EXERCISE DETAILS: Give exactly the lines from the one with "The Lehar shorts" through the final line of the listing below, both included, leaving out any pictures.

PROVIDED MATERIAL:
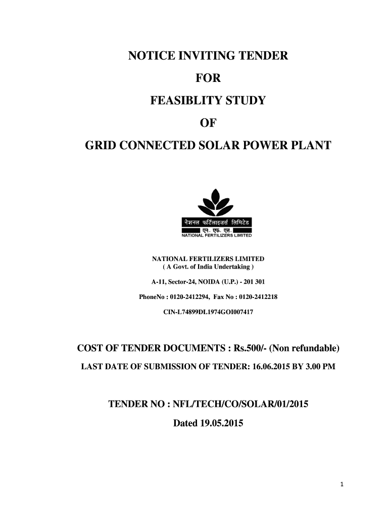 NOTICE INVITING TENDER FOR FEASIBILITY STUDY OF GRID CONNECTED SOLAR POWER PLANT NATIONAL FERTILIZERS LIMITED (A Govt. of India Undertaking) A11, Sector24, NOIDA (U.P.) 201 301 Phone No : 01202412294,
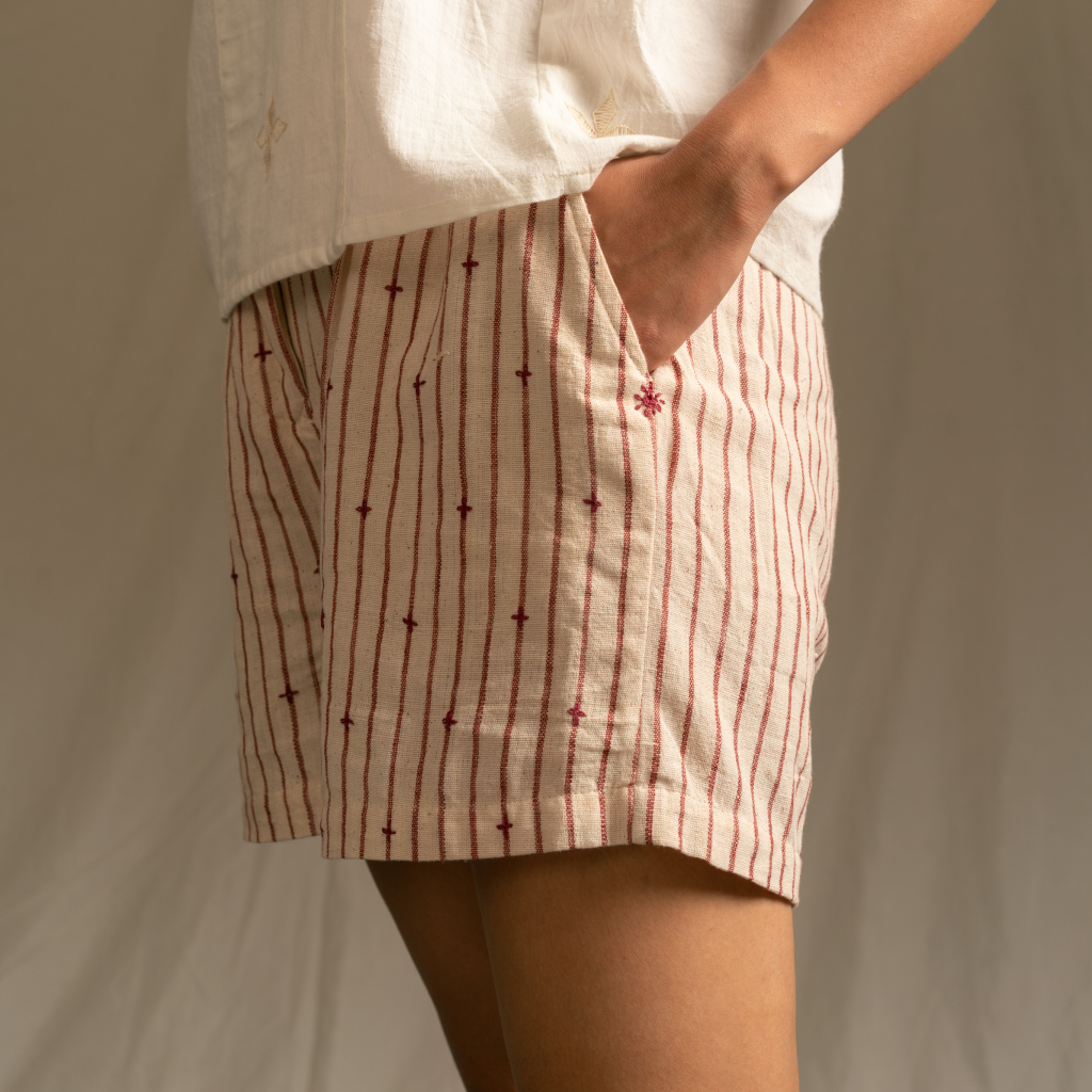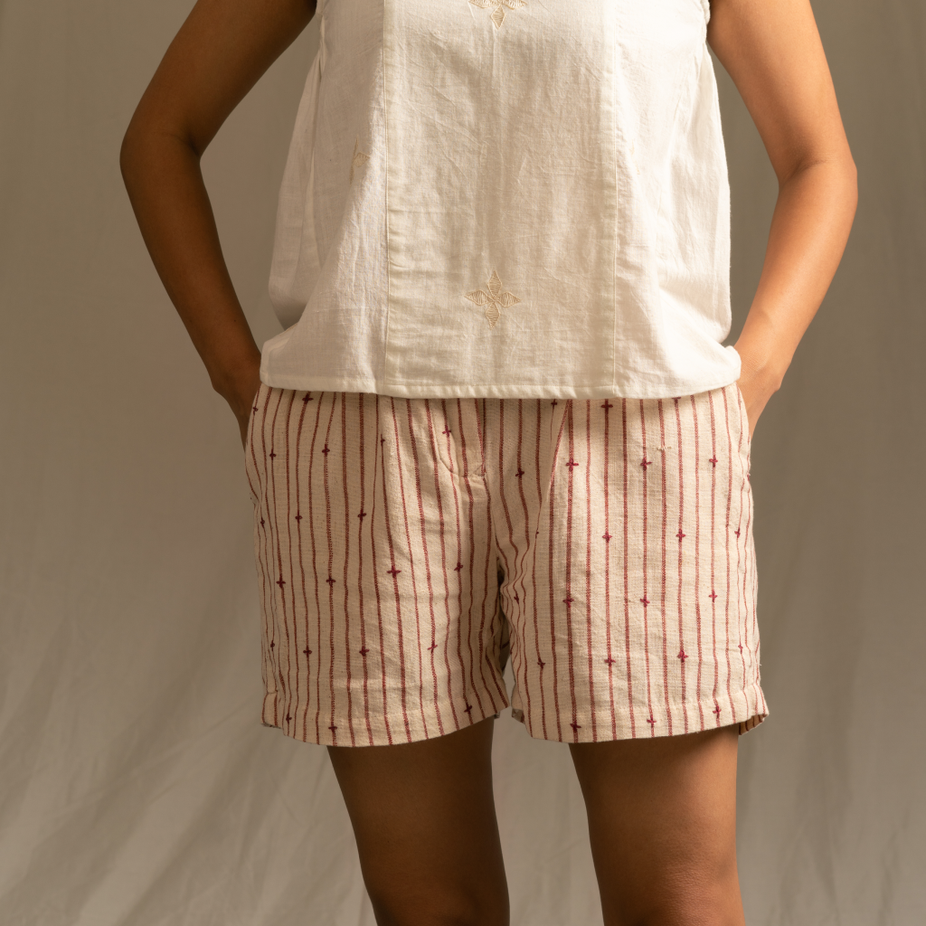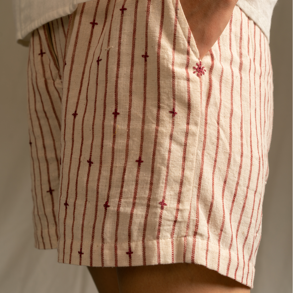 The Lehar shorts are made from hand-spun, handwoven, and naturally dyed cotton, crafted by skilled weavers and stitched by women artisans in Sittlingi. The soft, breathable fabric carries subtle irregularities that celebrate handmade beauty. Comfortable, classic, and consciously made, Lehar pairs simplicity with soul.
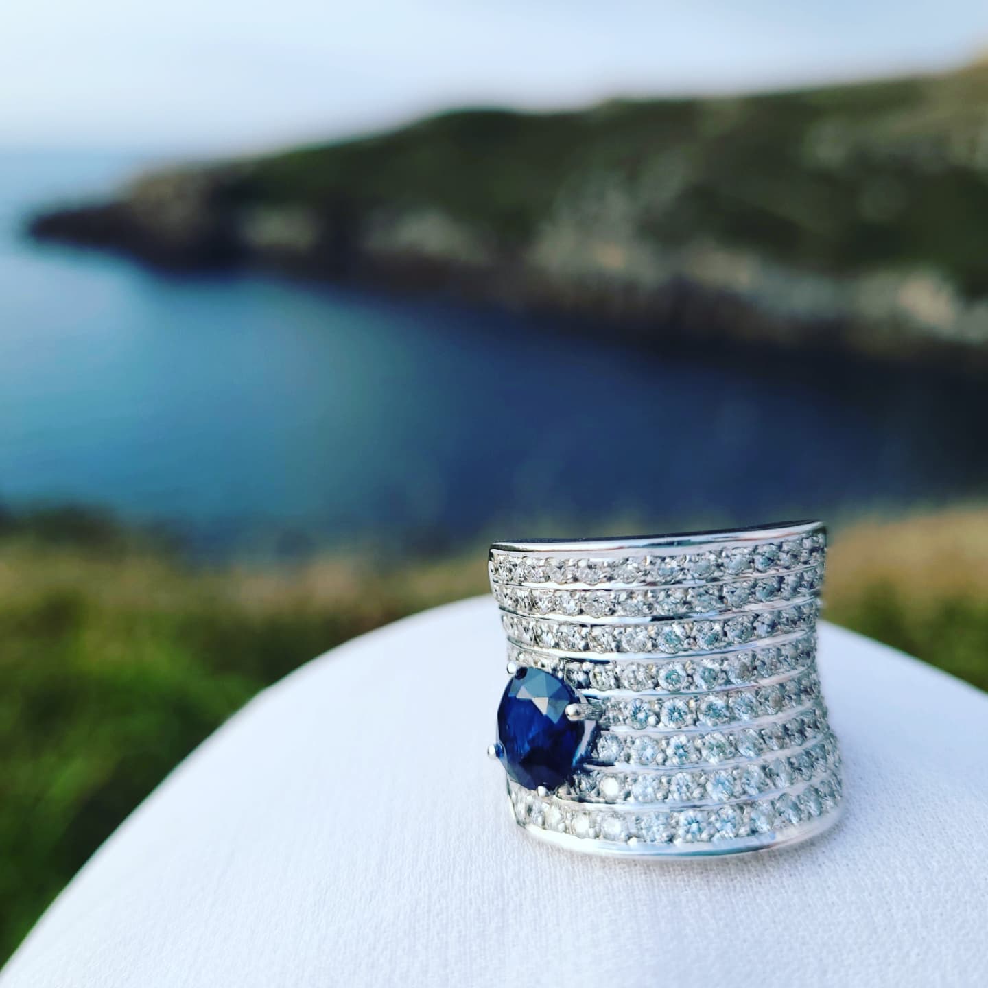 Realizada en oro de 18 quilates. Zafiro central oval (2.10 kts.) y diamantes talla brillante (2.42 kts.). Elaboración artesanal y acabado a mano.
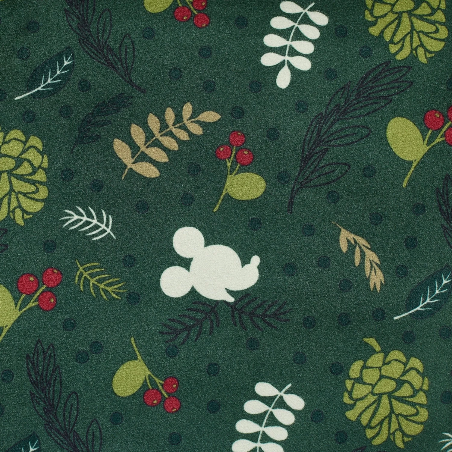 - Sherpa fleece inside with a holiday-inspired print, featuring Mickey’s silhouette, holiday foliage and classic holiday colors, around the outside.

RESPONSE:
 The Lehar shorts are made from hand-spun, handwoven, and naturally dyed cotton, crafted by skilled weavers and stitched by women artisans in Sittlingi. The soft, breathable fabric carries subtle irregularities that celebrate handmade beauty. Comfortable, classic, and consciously made, Lehar pairs simplicity with soul.
 Realizada en oro de 18 quilates. Zafiro central oval (2.10 kts.) y diamantes talla brillante (2.42 kts.). Elaboración artesanal y acabado a mano.
 - Sherpa fleece inside with a holiday-inspired print, featuring Mickey’s silhouette, holiday foliage and classic holiday colors, around the outside.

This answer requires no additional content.